— Task requirements —
Only the pictures stay out; every record is to be quoted exactly.

— Record set —

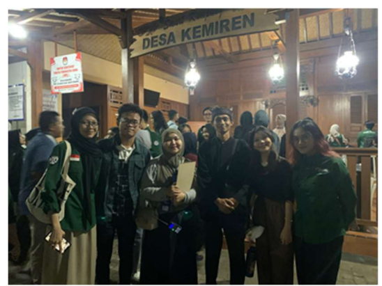
Figure 3 . Interview with the Head of Pokdarwis of Kemiren Tourism Village

The community in Kemiren Tourism Village actively supports tourism activities by providing the famous local cuisine of Banyuwangi, namely 'Pecel Pitik'. This dish is served with sambal tempong to add a distinctive flavour. Using local people as food providers for tourists also gives the impression that the food served is an original recipe passed down from generation to generation within the local community. This is distinctive and sets it apart from the food served in other large restaurants. The simple and welcoming atmosphere, along with the unpretentious service, creates a sense of familiarity that can make tourists feel at home and nostalgic for home-cooked meals.
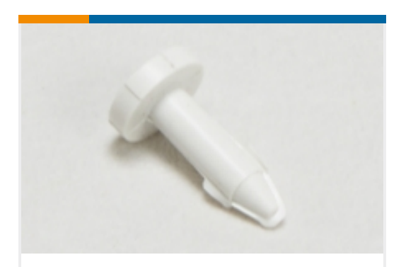
D-Sub Contact Accessories(1)
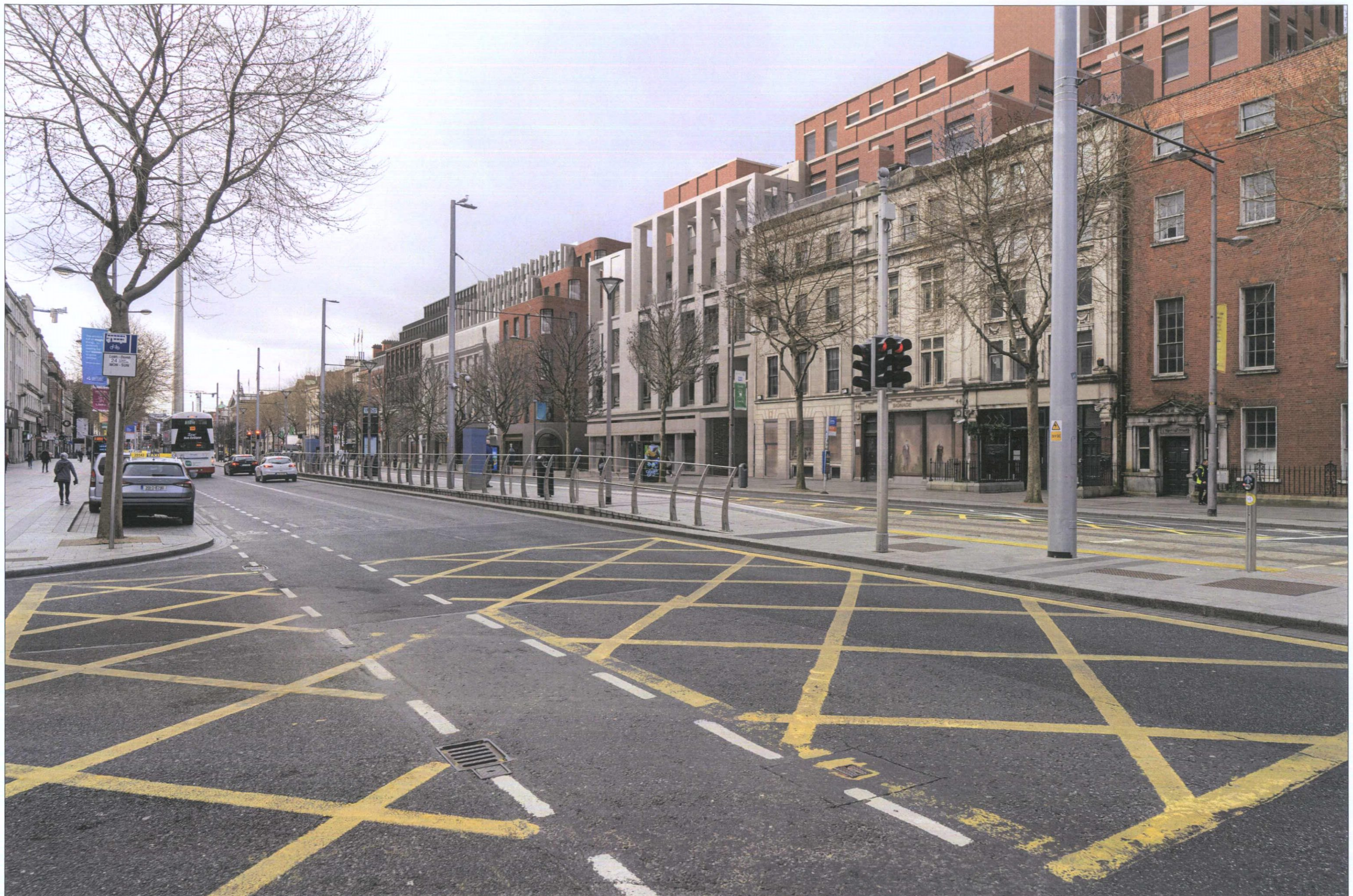
DUBLIN CENTRAL 2021 • PHOTOMONTAGE VIEWS
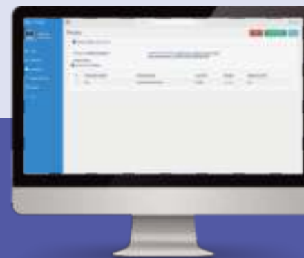
Fig 39 Preview of miscellaneous document to be filed

After paying deficit court fees, user is directed to view the 'Preview' page (fig.39) where he can check the details for correctness before pressing the 'Final submit' button and 'edit' it if required. Where Aadhar is chosen to e-sign, the Aadhar e-sign process including OTP validation process will follow. User then presses the 'final submit' button to finally e-file the deficit court fees (fig. 40).
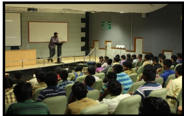
Interactive intern talk to prospective students by final year abroad interns (16 th January 2018)
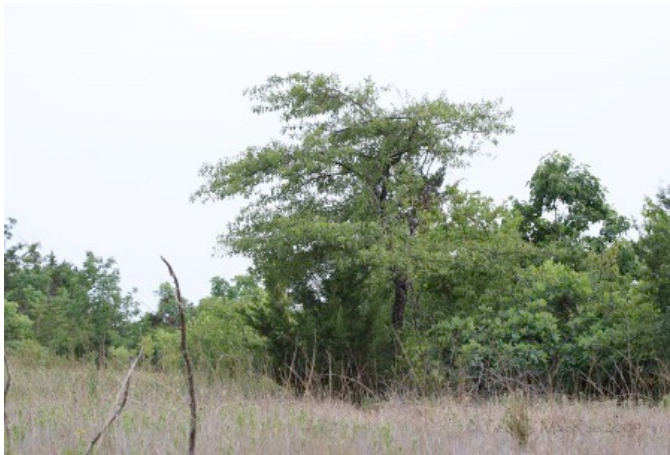
Sideroxylon lanuginosum (gum bumelia) at Blackjack Knob, Taney Co., Missouri.

Missouri on the first day of a planned 3-week search, my attention immediately turned to the new goal of finding P. suaveolens and photographing it on its host plant.
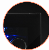
FULL GLASS DOOR

* Capacities are approximate and calculated with bordeaux bottles type.
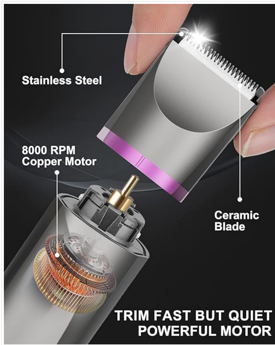
Image: An exploded view highlighting the internal components of the trimmer head, including the stainless steel and ceramic blades, and the 8000 RPM copper motor, emphasizing its powerful yet quiet operation.

sized guard combs and the detail trimmer attachment.
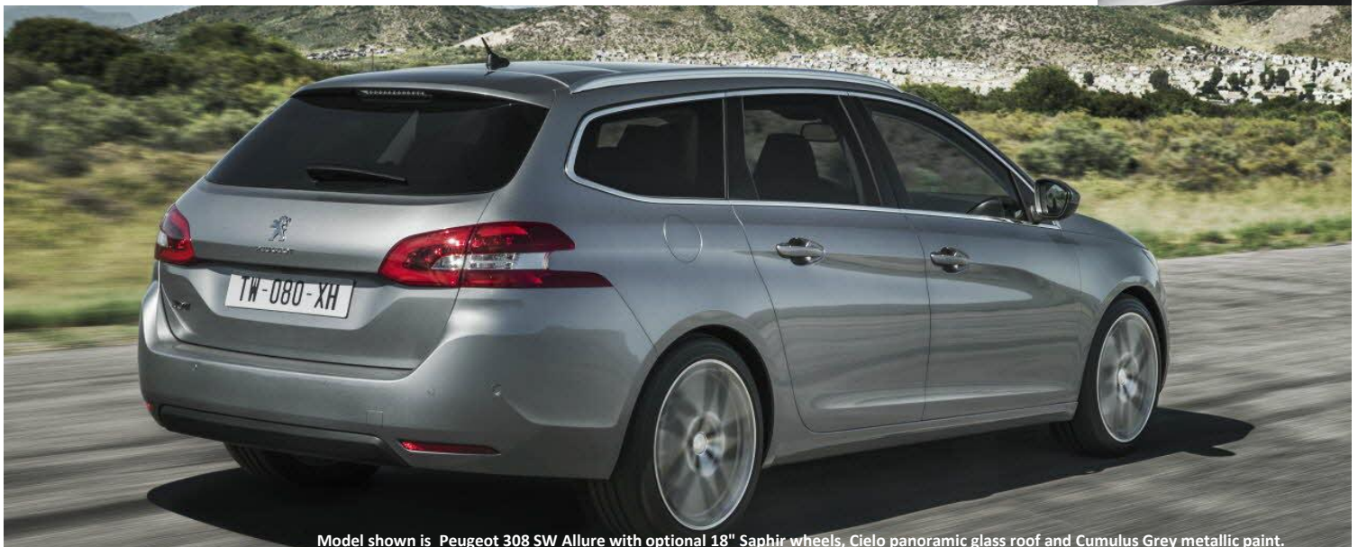
Model shown is Peugeot 308 SW Allure with optional 18" Saphir wheels, Cielo panoramic glass roof and Cumulus Grey metallic paint.
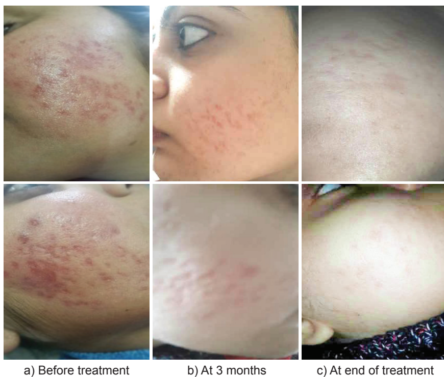
Figure 3: Serial photographs of 23 yrs old female treated with PRP and Skin Needling
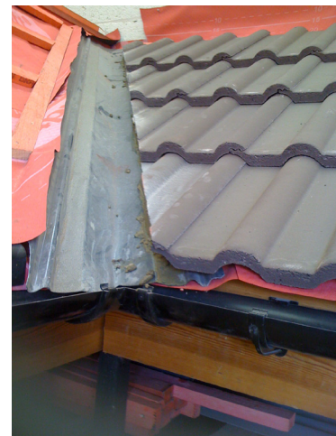
Cut valley is straight

With this method, it is accepted that more time may initially be needed to complete the valley than when cutting in-situ. However there are many advantages too – see ' Benefits ' over the page.
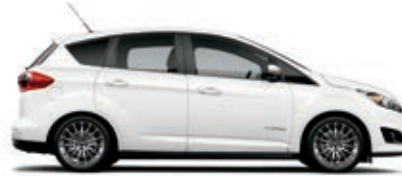
White Platinum Tri-coat Metallic
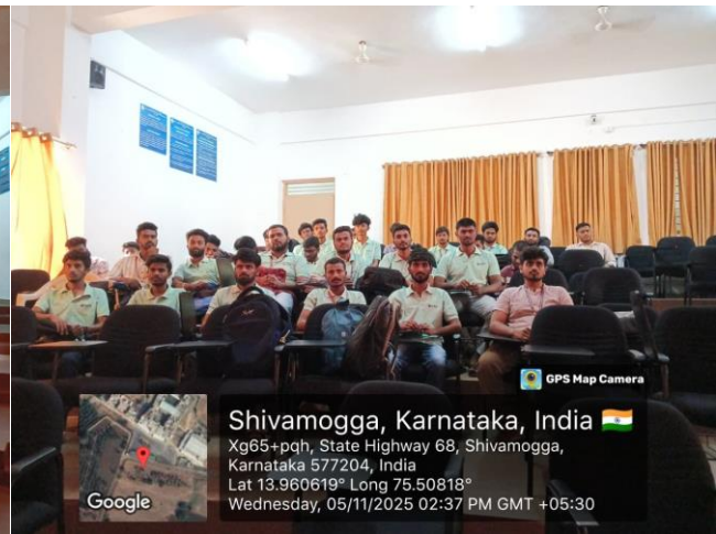
Glimpses of Webinar - Towards Sustainable Campus: Carbon Neutrality & ESG
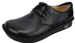
BURNISH BLACK BRE-611
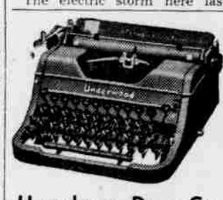
Humphreys Drug Co. Heppner, Oregon
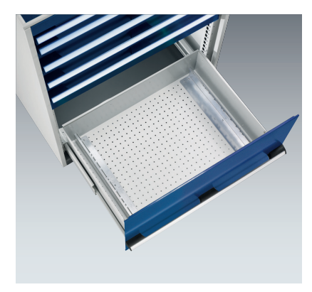
Carriers locate onto the drawer brackets.
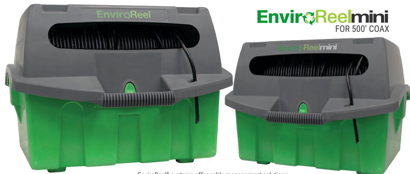
EnviroReel® systems offer cable management solutions to accommodate 1000 or 500 feet of coaxial cable

The EnviroReel system accommodates multiple types of cable & wire including coaxial, mini-coaxial, Category 5 & Category 6, fiber, telephone, speaker & security varieties – and up to 1,000 feet of Series 6 coax.
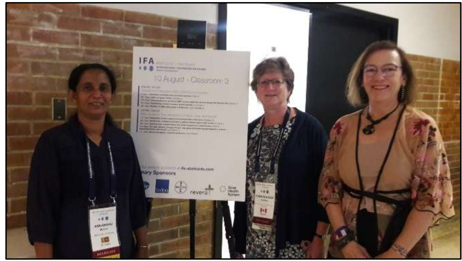
University, Toronto, Canada on 8-10 August 2018.
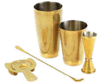
Gold Plated M37206GD
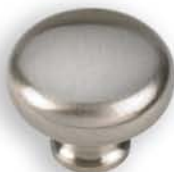
99-188 Fine Brushed Nickel
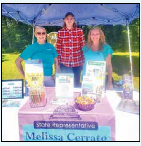
Horsham Day 2024
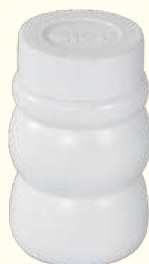
Vitamin Tablet Bottle (6)
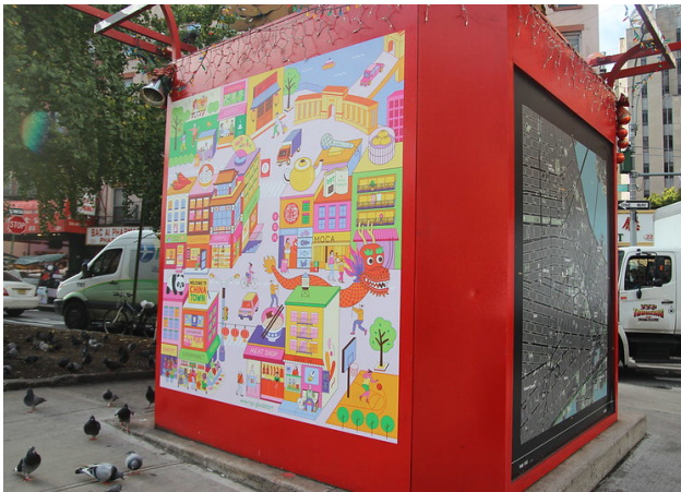
Welcome to Chinatown – Chinatown Walk by Dingding Hu, 2017 Chinatown Kiosk
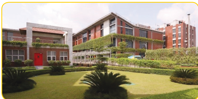
Environment friendly project financed by EBL

The Bank also ensures that customers having production facilities susceptible to damage environment has due environmental clearance certificate from the concerned ministry while granting or renewing credit facilities. EBL is the first bank in Bangladesh to offer sustainable energy finance loan product with assistance from the South Asia Enterprise Development Facility (SEDF), managed by IFC in partnership with the UK Department for International Development and the Norwegian Agency for Development Cooperation to help companies implement energy-saving measures and boosting the competitiveness of private enterprises.
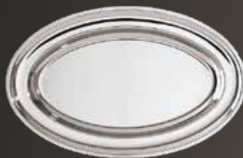
21. OVAL PLATTER
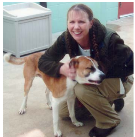
Shelter dog walker takes time out for a friendly hug.

Volunteers at the shelter were part of many beneficial, positive and rewarding experiences in 2007. In February, three volunteers shared the first volunteer fostering opportunity of "Marion" and her seven puppies. The shelter held its first Adoption Outreach on April 7 at Pet, Etc., in West Salem where "Marion" and her puppies were highlighted. Four puppies were adopted that day, the remaining three were adopted the following week, and "Marion" was adopted in June.
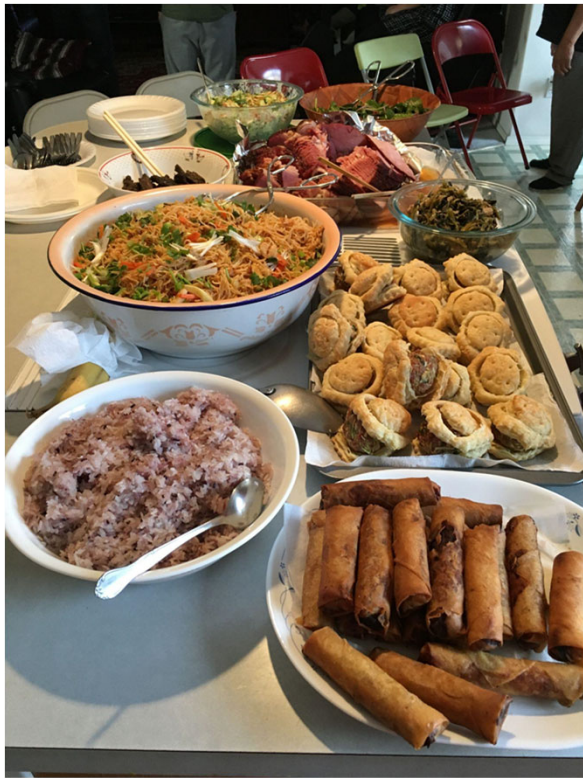
Oregon Department of Education
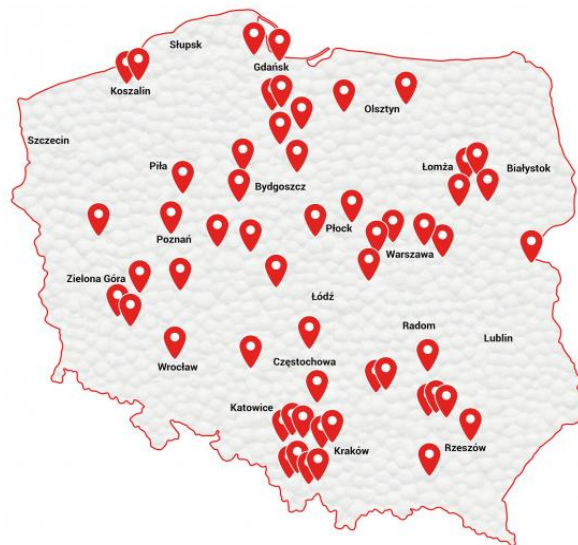
Figure 1. Companies producing polystyrene boards associated in PSPS

The Polish Association of Styrofoam Producers, based in Warsaw, has been operating since 2010 and brings together 28 leading manufacturers of polystyrene insulation boards used in construction on the Polish market. The organization co-creates technical standards and legal regulations for the production and application of polystyrene boards for thermal insulation in construction, cooperates with domestic and foreign organizations in the construction industry, scientific and technical institutions, state and local administration bodies for the development of polystyrene products and their applications. It undertakes numerous

— Response to the exercise —
Figure 3 . Interview with the Head of Pokdarwis of Kemiren Tourism Village

The community in Kemiren Tourism Village actively supports tourism activities by providing the famous local cuisine of Banyuwangi, namely 'Pecel Pitik'. This dish is served with sambal tempong to add a distinctive flavour. Using local people as food providers for tourists also gives the impression that the food served is an original recipe passed down from generation to generation within the local community. This is distinctive and sets it apart from the food served in other large restaurants. The simple and welcoming atmosphere, along with the unpretentious service, creates a sense of familiarity that can make tourists feel at home and nostalgic for home-cooked meals.
D-Sub Contact Accessories(1)
DUBLIN CENTRAL 2021 • PHOTOMONTAGE VIEWS
Fig 39 Preview of miscellaneous document to be filed

After paying deficit court fees, user is directed to view the 'Preview' page (fig.39) where he can check the details for correctness before pressing the 'Final submit' button and 'edit' it if required. Where Aadhar is chosen to e-sign, the Aadhar e-sign process including OTP validation process will follow. User then presses the 'final submit' button to finally e-file the deficit court fees (fig. 40).
Interactive intern talk to prospective students by final year abroad interns (16 th January 2018)
Sideroxylon lanuginosum (gum bumelia) at Blackjack Knob, Taney Co., Missouri.

Missouri on the first day of a planned 3-week search, my attention immediately turned to the new goal of finding P. suaveolens and photographing it on its host plant.
FULL GLASS DOOR

* Capacities are approximate and calculated with bordeaux bottles type.
Image: An exploded view highlighting the internal components of the trimmer head, including the stainless steel and ceramic blades, and the 8000 RPM copper motor, emphasizing its powerful yet quiet operation.

sized guard combs and the detail trimmer attachment.
Model shown is Peugeot 308 SW Allure with optional 18" Saphir wheels, Cielo panoramic glass roof and Cumulus Grey metallic paint.
Figure 3: Serial photographs of 23 yrs old female treated with PRP and Skin Needling
Cut valley is straight

With this method, it is accepted that more time may initially be needed to complete the valley than when cutting in-situ. However there are many advantages too – see ' Benefits ' over the page.
White Platinum Tri-coat Metallic
Glimpses of Webinar - Towards Sustainable Campus: Carbon Neutrality & ESG
BURNISH BLACK BRE-611
Humphreys Drug Co. Heppner, Oregon
Carriers locate onto the drawer brackets.
EnviroReel® systems offer cable management solutions to accommodate 1000 or 500 feet of coaxial cable

The EnviroReel system accommodates multiple types of cable & wire including coaxial, mini-coaxial, Category 5 & Category 6, fiber, telephone, speaker & security varieties – and up to 1,000 feet of Series 6 coax.
University, Toronto, Canada on 8-10 August 2018.
Gold Plated M37206GD
99-188 Fine Brushed Nickel
Horsham Day 2024
Vitamin Tablet Bottle (6)
Welcome to Chinatown – Chinatown Walk by Dingding Hu, 2017 Chinatown Kiosk
Environment friendly project financed by EBL

The Bank also ensures that customers having production facilities susceptible to damage environment has due environmental clearance certificate from the concerned ministry while granting or renewing credit facilities. EBL is the first bank in Bangladesh to offer sustainable energy finance loan product with assistance from the South Asia Enterprise Development Facility (SEDF), managed by IFC in partnership with the UK Department for International Development and the Norwegian Agency for Development Cooperation to help companies implement energy-saving measures and boosting the competitiveness of private enterprises.
21. OVAL PLATTER
Shelter dog walker takes time out for a friendly hug.

Volunteers at the shelter were part of many beneficial, positive and rewarding experiences in 2007. In February, three volunteers shared the first volunteer fostering opportunity of "Marion" and her seven puppies. The shelter held its first Adoption Outreach on April 7 at Pet, Etc., in West Salem where "Marion" and her puppies were highlighted. Four puppies were adopted that day, the remaining three were adopted the following week, and "Marion" was adopted in June.
Oregon Department of Education
Figure 1. Companies producing polystyrene boards associated in PSPS

The Polish Association of Styrofoam Producers, based in Warsaw, has been operating since 2010 and brings together 28 leading manufacturers of polystyrene insulation boards used in construction on the Polish market. The organization co-creates technical standards and legal regulations for the production and application of polystyrene boards for thermal insulation in construction, cooperates with domestic and foreign organizations in the construction industry, scientific and technical institutions, state and local administration bodies for the development of polystyrene products and their applications. It undertakes numerous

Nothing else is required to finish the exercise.